С людьми, с которыми живу, никак не сойдуся: они требуют, чего нельзя им дать; чего хочу, – у них нет… И время от времени я с ними все дальше и дальше расхожусь. Боже мой, до какой степени я с ними не в ладу! Наружной брани нет, да без ней грустно. Этот слой народа низок, гадок, пошл до несказанной степени; а выйти из него ни дороги, ни сил нет. Иногда затеваешь думать о чем-нибудь порядочном, чтобы оно проложило дорогу выйти на простор, – нет силы вовсе для выполнения. Тоска, как собака, грызет меня. Что-то будет. Но уж хуже, ей Богу, не будет ничего, потому что и так уж худо. Ничего не радует, – зоб – ничего совершенно. Москва! вот когда я постигаю твое блаженство, вот когда я вижу, чем жизнь твоя прекрасна. Но мне не быть счастливым никогда. В Москве не жить мне век.
Я получил два письма: одно от Краевского, другое от Плетнева. Краевскому писал я прежде, что мои дела дурны; он на это со всем тоном великого мецената зовет меня к себе управлять конторою журнала «Отечественных Записок»; из мальчика просить пойти в работники: удачная будет перемена! Плетнев пишет, чтоб я прислал к нему реестр пьес, которые я назначаю ему собственно в «Современник», а то говорить одну пьесу…
42
В. А. Жуковскому
1 декабря 1839 г. Воронеж.
Ваше превосходительство, милый и любезный наш поэт Василий Андреевич! Дело, в котором вы по доброте души вашей приняли живое участие, наконец, слава Богу, получило решительный конец; иск свалился с плеч моих долой; большая беда прошла, и моя свобода и свобода отца моего еще у нас. Как тяготило, мучило меня и все семейство и старика отца это проклятое дело! Семь лет и день и ночь – история одна, и если бы не вы, что бы с нами было? И все значенье цифры смяло б до нуля. Бывши мальчиком еще, уча наизусть ваши творения, душой сживаясь с ними, по ним любя всех вас, думал ли я в ту пору, что – придет время – увижу вас, обласкан буду вами, и как обласкан! и что милый поэт России приметь меня под свое покровительство, что в мутную пору материальных обстоятельств примет меня под свою защиту и отведет от беззащитной головы страшную тучу, выведет из мрака моего забвения, укрепит доброе имя, даст другое мнение, лицо и жизнь; думал ли я когда-нибудь? – Даже до этих пор, часто в сладком воспоминании воскрешая прожитое время в Петербурге, ваши ласки, внимание, покровительство, ваше посещение Воронежа, оживляя вас самих у себя дома, в своем городе, – думаешь, и сам не знаешь, что это было; сон или быль? волшебная сказка или святая истина? Выше всех понятий возвысили вы меня, и что же я, – чем заплатил вам за все это и чем заплачу за все, что сделано вами для меня?

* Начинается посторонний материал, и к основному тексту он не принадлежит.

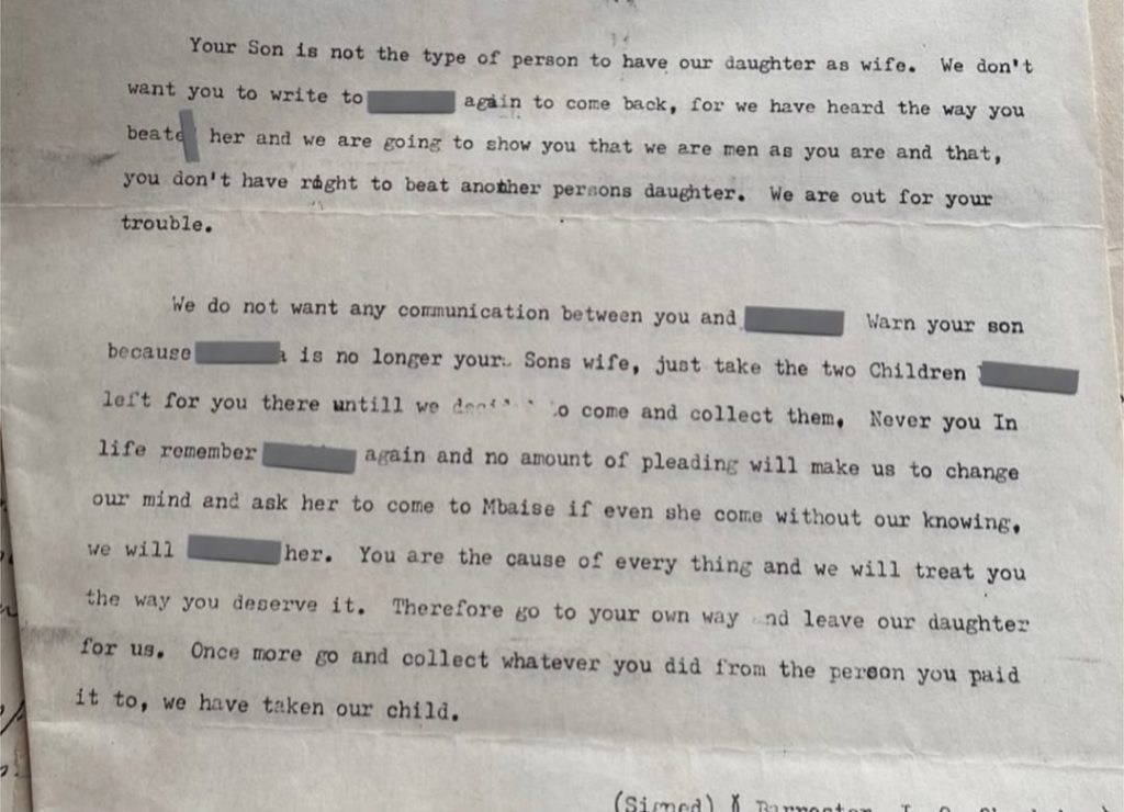 She proceeded to share the letter that her grandfather sent to his cousin’s abusive husband’s family when he tried to get his wife back after they separated over physical abuse.

Ничем, – ровнехонько ничем… Тяжело быть должным – и не иметь никакой возможности заплатить долга; одной же искренней душевной благодарности, горячего чувства весьма недостаточно, мало, чтоб уничтожить всю силу моих желаний. Надеяться на будущее? Но что же будущее мне даст? Кругом тумань и тьма; какой, откуда луч засветит мне? Возможно ли для самой мощной воли олицетворить себя до невозможности? Есть чудеса, и будут, но для меня они уж исключенье; ужасное сознанье робкой думы: «будь то, что будет!» До тех пор примите вновь от меня за сделанное добро одну искреннюю, чистую, горячую благодарность от моей души. Больше ее я ничего не могу вам ни сделать, ни сказать; нет жизни у меня для вас, кроме этой жизни… Чувствую, что лучше бы было мне приехать нарочно в Питер и благодарить вас лично, но этого я не могу сделать теперь.

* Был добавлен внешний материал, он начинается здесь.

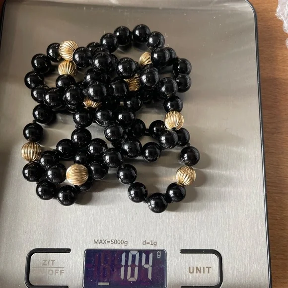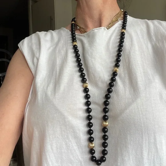 Vintage Estate 14K Yellow Gold Fluted & Black Onyx Bead Necklace 36".weight 104g,9 gold beads,72 onyx beads in pristine condition

Прежде иначе я гадал, даже переселиться, совсем жить в Петербурге; теперь пошло все иначе: в один день с разных сторон дует ветер, и у меня нынче другой уж дует ветер. Андрею Александровичу Краевскому про этот ветер я уже говорил; осталось мне издали смотреть, как мир в своих страстях воюет сам с собой. Может, было бы еще хуже жить, но ясный луч вашего света освещает меня до этих пор. Губернатор наш, его превосходительство Николай Иванович Лодыгин, не дает съесть меня людям. Чуть они задумают запутать в своих сетях, я к нему тотчас – и вновь дышу свободно. Боже мой! Чего хочут от меня эти честные люди? за что скрипят зубами? Что надо им? – не знаю. Если я с ними не пьянствую, не играю в карты, не просиживаю ночей праздно, то, кажется, за это им сердиться дюже не должно; а кроме, – божусь вам! – других грехов за мною и нет. Теперь тянуть они меня, по делу отца моего, опять в Москву, в сенат, в 7-й департамент. Нужды нет, пусть тянуть; так и быть, поеду; поклонюсь вновь добрым людям, побьюсь с нуждою; уж с горем мы давно свои, с нуждою живем запанибрата, а все-таки, быть может, своей свободы в руки им не дам…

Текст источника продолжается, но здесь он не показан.